The case for pediatric vaccines: What we can learn from Hib

By Arturo Brito, President & CEO, Children's Health Fund

MMR vaccine rates for U.S. kindergartners are at their lowest in a decade. The decline in rates correlates with outbreaks in different parts of the country, most recently in Ohio and NYC. Experts have for years discredited a study linking the vaccine with autism, but this myth has proved tenacious. We must focus on facts: Vaccines have prevented serious illness and saved millions of lives over the centuries.

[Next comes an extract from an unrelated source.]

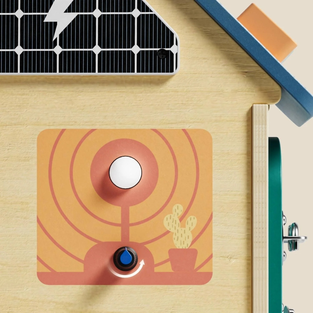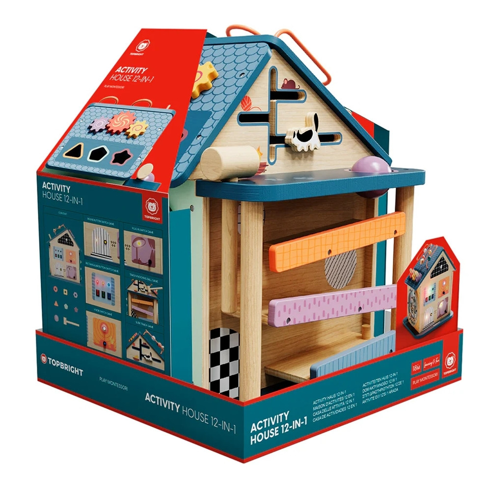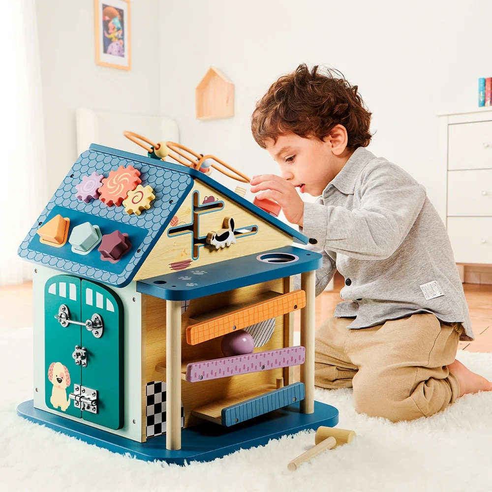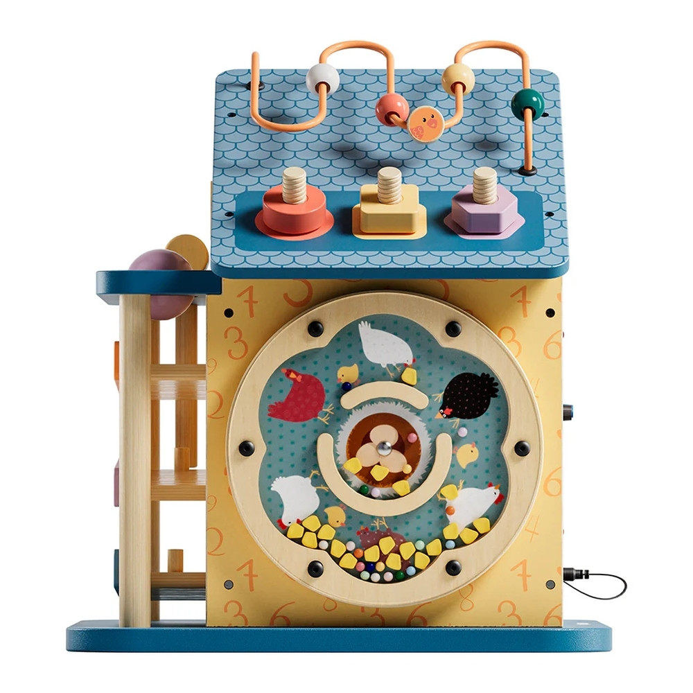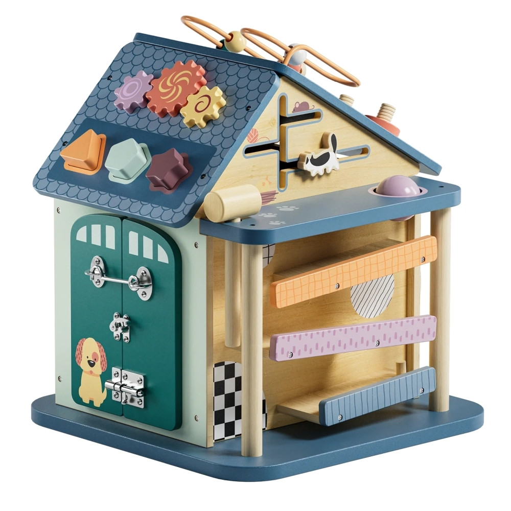 Ezen felül golyópályát, zárakat és lakatokat, formaválogatót, labirintus pályát és fényeket is tartalmaz a játék. Ennek a Montessori elven kialakított házikónak a célja a koordináció, a kreativitás és a problémamegoldó képesség fejlesztése. Szórakoztató érzékszervi tevékenység kisgyermekek számára.

How do I know that vaccines prevent serious illness and save lives? I distinctly remember that when I began my pediatric residency program in 1989 at Grady Memorial Hospital in Atlanta, Georgia, we were inundated with cases of sepsis (blood infections), meningitis, pneumonia, and other serious illness caused by Haemophilus influenzae type B (Hib). Babies were particularly susceptible to this bacteria. Antibiotics were available, sure, but they were no guarantee of complete recovery: Deaths on the pediatric ward were not unheard of and the majority of survivors left the hospital with significant hearing, developmental or other neurological problems.

While there had been several Hib vaccines licensed as early as 1985, they were not effective in infants and, therefore, the series of those vaccines didn’t start until a child was 18-months old. In 1987, a new version (“conjugate”) of the vaccine became available and was widely administered in the coming years, starting at 2 months of age. We vaccinated our patients in our primary care clinic, just like others did around the country. By the time I completed residency in 1992, just three short years after I started, it was extremely rare to have a child admitted to the hospital for serious Hib illness. Just like that.

But don’t take my word for it, follow the data: Prior to the 1987 conjugate vaccine, it was estimated that about 20,000 cases of serious Hib infection occurred each year in the United States, primarily among children younger than age 5 years. The incidence of invasive Hib disease began to decline dramatically in the late 1980s, coinciding with licensure of Hib conjugate vaccines, and has declined by more than 99% since any vaccine for Hib existed.

If one looks closely at data for just about any other vaccine that has been developed, you will find similar results. Vaccines work. Yes, there are different levels of risk depending on the vaccine, age, and other characteristics of the individual receiving the vaccine. I would engage regularly with patients, as age appropriate, and their parents about those risks, weighing them against the benefits. It’s critical that all patients and parents have the opportunity to have those direct conversations so they can learn about each recommended vaccine and work through any concerns they might have when making this important decision. Pediatric providers should have protocols in place that allow for the time to do this. It is our responsibility to translate the science of vaccines into clear and accurate terms, particularly when vaccines are relatively newer, such as the one for COVID-19.